Because the creators and users of Greenstand images come from many cultures, and are generally not experienced at looking at the variation of plants, we need to use scientific names to communicate about the plants. When we can, we need also to refer to particular species, because there may be great ecological variation among species in a genus; for example not all species in Acacia (a genus), are ecologically similar to Acacia mangium (a species).

Morphotyping

The process of finding the scientific species name for a plant in a Greenstand photo can be difficult. While some species are distinctive and common and a tropical botanist may know then instantly, some will be morphologically close to other species, and may be uncommon. The first step in naming the species is to search through the images for different species. Since planters often only plant a few species at a time, searching requires subsampling the full time range and spatial range of plantings in a geographical area.
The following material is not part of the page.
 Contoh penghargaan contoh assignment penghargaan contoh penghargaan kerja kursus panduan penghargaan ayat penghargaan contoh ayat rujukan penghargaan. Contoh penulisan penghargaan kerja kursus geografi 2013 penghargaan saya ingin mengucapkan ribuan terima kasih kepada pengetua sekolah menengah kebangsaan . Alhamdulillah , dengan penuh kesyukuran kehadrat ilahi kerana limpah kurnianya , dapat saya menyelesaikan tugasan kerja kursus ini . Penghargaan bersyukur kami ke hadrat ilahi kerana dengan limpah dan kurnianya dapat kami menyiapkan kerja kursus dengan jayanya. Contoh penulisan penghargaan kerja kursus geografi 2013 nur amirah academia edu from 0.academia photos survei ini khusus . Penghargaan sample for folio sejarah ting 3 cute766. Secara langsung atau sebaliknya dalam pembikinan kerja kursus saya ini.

The next step is to assign morphotype (or morphospecies) codes to a putative species, based on the first image or first few images. We are using eight character codes. These codes can be anything and need not be related to the name of a suspected species, though if the species is indeed recognized the code may be derived from the first four letters of the genus and species. The value of these codes is that i) if a species name is misapplied at first, and later changed, the reference ID code stays unchanged (this happens a lot!), and ii) if a morphotype is not recognized, it can still have a code; see, e.g., INDE0002 in the herbarium, “Indeterminate #2”, a fairly common species in Haiti that we still do not have a scientific name for.
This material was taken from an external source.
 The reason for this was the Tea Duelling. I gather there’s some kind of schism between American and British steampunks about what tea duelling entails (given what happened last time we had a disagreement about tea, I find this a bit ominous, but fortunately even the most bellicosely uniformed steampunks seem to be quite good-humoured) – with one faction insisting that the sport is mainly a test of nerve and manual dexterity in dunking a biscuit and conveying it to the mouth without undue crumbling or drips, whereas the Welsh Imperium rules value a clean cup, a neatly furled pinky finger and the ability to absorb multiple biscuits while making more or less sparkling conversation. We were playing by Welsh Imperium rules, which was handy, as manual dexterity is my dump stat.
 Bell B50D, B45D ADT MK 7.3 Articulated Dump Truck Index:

Some morphotypes used by Greenstand explicitly contain several species that cannot be reliably distinguished from images, such as EUCA0000 and CITR0000. This is not desirable, because of the potentially great range of ecological and cultural variation among these lumped species, but unavoidable, and is preferable to using a number of narrower morphotypes which were unreliably applied.
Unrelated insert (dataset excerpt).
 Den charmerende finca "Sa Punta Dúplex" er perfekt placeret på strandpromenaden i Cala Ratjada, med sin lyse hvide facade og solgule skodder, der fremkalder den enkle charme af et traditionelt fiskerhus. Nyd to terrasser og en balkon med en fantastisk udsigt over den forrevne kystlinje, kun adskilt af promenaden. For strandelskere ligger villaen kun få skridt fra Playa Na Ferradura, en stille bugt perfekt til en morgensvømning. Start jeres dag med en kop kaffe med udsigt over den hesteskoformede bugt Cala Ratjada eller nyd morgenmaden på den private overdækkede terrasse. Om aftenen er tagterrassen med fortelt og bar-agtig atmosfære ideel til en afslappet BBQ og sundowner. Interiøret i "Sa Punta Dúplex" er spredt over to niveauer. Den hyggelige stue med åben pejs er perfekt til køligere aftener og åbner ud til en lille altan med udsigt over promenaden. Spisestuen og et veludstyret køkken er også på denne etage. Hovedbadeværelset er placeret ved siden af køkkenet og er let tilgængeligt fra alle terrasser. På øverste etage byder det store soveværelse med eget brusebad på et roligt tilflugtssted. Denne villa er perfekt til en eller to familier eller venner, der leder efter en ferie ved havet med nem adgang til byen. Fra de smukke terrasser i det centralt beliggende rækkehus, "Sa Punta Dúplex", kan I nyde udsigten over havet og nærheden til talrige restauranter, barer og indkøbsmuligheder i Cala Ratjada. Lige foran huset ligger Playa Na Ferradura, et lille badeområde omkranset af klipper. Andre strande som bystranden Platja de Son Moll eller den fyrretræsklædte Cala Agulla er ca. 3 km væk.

After creating ‘bins’ (folders for images) with morphotype codes, we match subsequent images, shuffling them into a folder based on their appearance. For instance if we are looking at 1,000 captures from Haiti, we might end up with 20 folders. Generally, a few species will account for most of the individuals, with some only having a few images, and some only having one. As the numbers build up and we have more opportunity to view variation among individuals, we may need to split a folder into two, or lump two folders into one. We can then create a synonym table, keeping one code current or active, and linking other, now unused, codes to it.

Eventually we try to match morphotypes across countries and continents. Some restoration species are ubiquitous around the world, some are local.

Identification

The final step is to try to identify the species to scientific name. This requires internet searches, going to (real or virtual) libraries, and communication with experts in an area. If ‘side data’ about the local name of a plant could be captured, this would help a lot. Once we can link to a scientific name, we can access and incorporate large amounts of external information (distribution in different countries, ecological characteristics, risk of invasiveness, etc.); for those with a database background: the scientific name becomes a key permitting links to global data tables of species information.

Data

As this data structure develops we are capturing it in a database (in the form of a single XML document), and making the data available as a dynamically generated virtual herbarium, with country-based sub-herbaria (e.g., for Haiti).

This herbarium is now a resource for Greenstand volunteers using CVAT, who are giving the eight character taxon codes to the images they review.